Untitled--9.

9. 
I wanted to keep this a secret. I didn’t want anybody to have to know. But you were wife and mother and never are those praises sung. Sometimes on gravestones. Sometimes. But that is why I decided to talk about it. Part of me had hoped that this could be a secret ritual, since there were only women of our blood. Part of me hopes that some can be dead and gone with only secret markers that the winds sweep away. These rituals are so painful.

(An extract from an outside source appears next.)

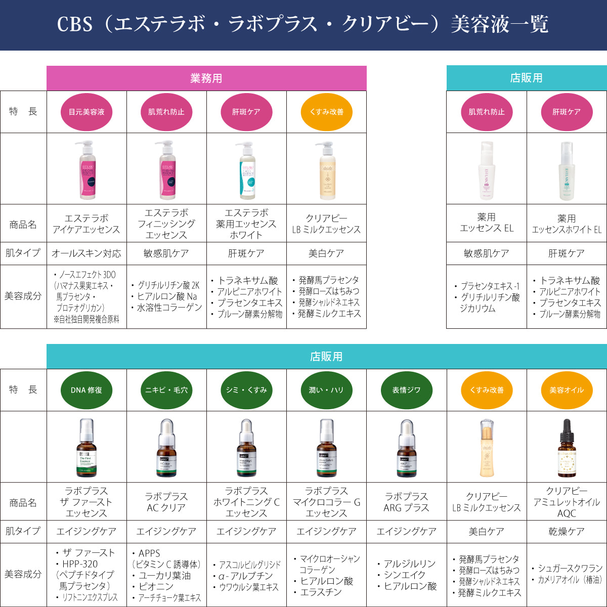 水、BG、トリ(カプリル酸/カプリン酸)グリセリル、スクワラン、ステアリン酸グリセリル(SE)、ローズヒップ油、レスベラトロール、サッカロミセス/(黒砂糖/プラセンタエキス)発酵液(ウマ)、グルコノバクター/ハチミツ発酵液、乳酸桿菌/ブドウ果汁発酵液、乳酸桿菌/乳発酵液、ヒトオリゴペプチド-1、リノール酸レチノール、ビオチン、パルミチン酸アスコルビルリン酸3Na、トコフェロール、ダイズ油、オレンジ果皮油、ラベンダー油、イランイラン花油、ビターオレンジ花油、レシチン、クエン酸Na、リン酸Na、水添ポリイソブテン、ポリソルベート60、ラウレス-7、エタノール、グリセリン、ポリアクリルアミド、カプリリルグリコール

We review names. You are Doina. I am your granddaughter, not your daughter. That is your daughter. You have another daughter, who lives far away in Romania. But you probably can’t recall her face. We try to look at photo albums together. We try to bring dignity to the bodily tickings watched by the clock. Maybe that is the only way anybody remembers anything after a while. Time seems artificial. Maybe you don’t perceive it.

You watch Jimmy Stewart movies and fear-based news. I wonder if it all keeps you alive somehow. I wonder if it is like watching those movies for the first time again or whether they trigger some kind of train of memories. I joke that the horrible news keeps you alive. Maybe Jimmy Stewart is an angel of optimism.


But I will be back here again someday with someone else. I don’t want to think about that. No maybes this time. You must be certain of the devil. You must be certain of death. It may only be me dealing with it. I don’t know how other people will take it or whether I will have any help. But now it’s time for me to go. It’s time for you to go, too.